- Task requirements -
Print nothing but the lines below starting at the line that holds "Neu hergestellt aus" and ending at the line that holds "WOVEN BACKPACK 34 IN EMERALD GREEN LAMBSKIN", including both, each exactly as written.

- Source data -
*-*-*
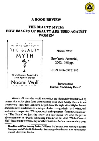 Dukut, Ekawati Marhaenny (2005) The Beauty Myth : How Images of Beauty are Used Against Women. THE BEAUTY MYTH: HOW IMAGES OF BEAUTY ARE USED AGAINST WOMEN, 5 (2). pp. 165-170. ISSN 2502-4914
*-*-*
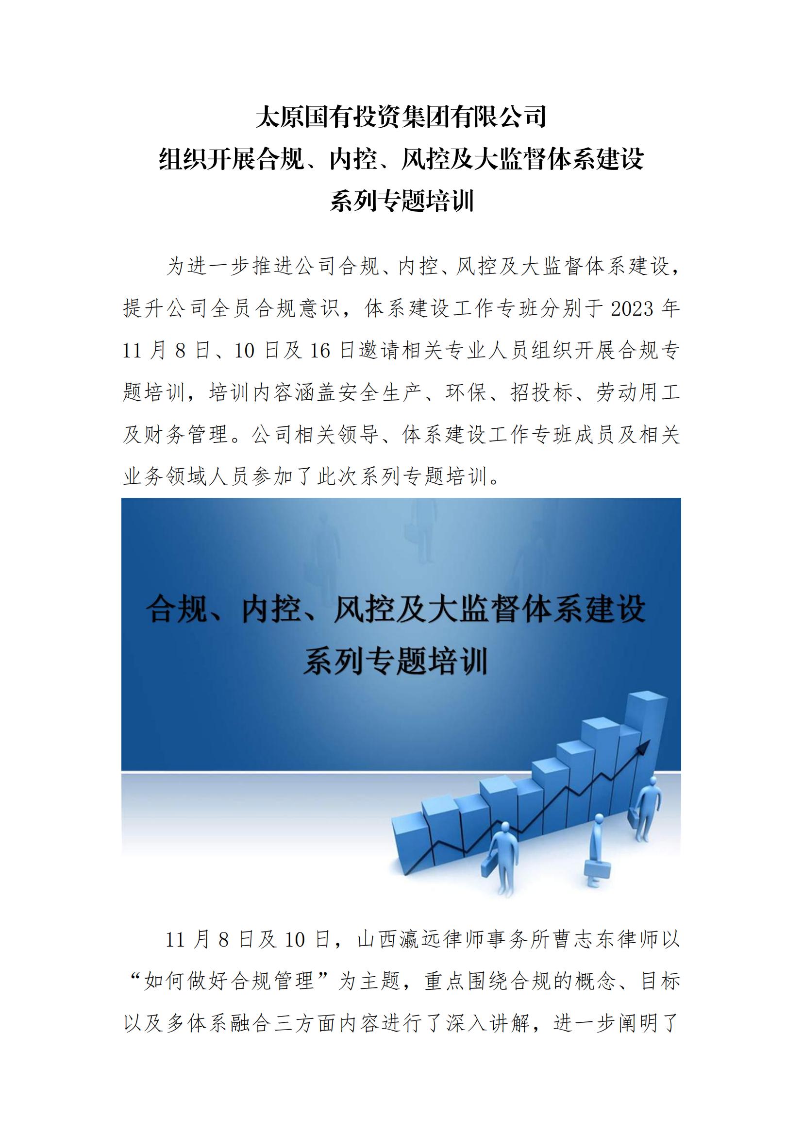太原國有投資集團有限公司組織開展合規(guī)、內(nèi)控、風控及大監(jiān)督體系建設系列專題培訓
*-*-*
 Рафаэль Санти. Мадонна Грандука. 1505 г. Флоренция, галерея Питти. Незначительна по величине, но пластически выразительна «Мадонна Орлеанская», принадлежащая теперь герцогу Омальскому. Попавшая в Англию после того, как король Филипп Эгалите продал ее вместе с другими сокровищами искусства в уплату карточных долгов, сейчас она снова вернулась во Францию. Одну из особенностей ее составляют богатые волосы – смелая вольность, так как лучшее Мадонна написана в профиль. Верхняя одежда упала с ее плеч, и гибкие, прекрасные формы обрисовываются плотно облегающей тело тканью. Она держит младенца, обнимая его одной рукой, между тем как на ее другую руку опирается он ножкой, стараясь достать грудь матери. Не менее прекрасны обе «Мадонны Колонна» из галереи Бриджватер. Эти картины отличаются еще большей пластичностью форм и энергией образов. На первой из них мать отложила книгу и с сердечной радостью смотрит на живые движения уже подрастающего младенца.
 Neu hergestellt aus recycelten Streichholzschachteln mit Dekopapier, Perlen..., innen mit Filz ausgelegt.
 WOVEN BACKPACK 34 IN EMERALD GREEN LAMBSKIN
*-*-*
- Task output -
 Neu hergestellt aus recycelten Streichholzschachteln mit Dekopapier, Perlen..., innen mit Filz ausgelegt.
 WOVEN BACKPACK 34 IN EMERALD GREEN LAMBSKIN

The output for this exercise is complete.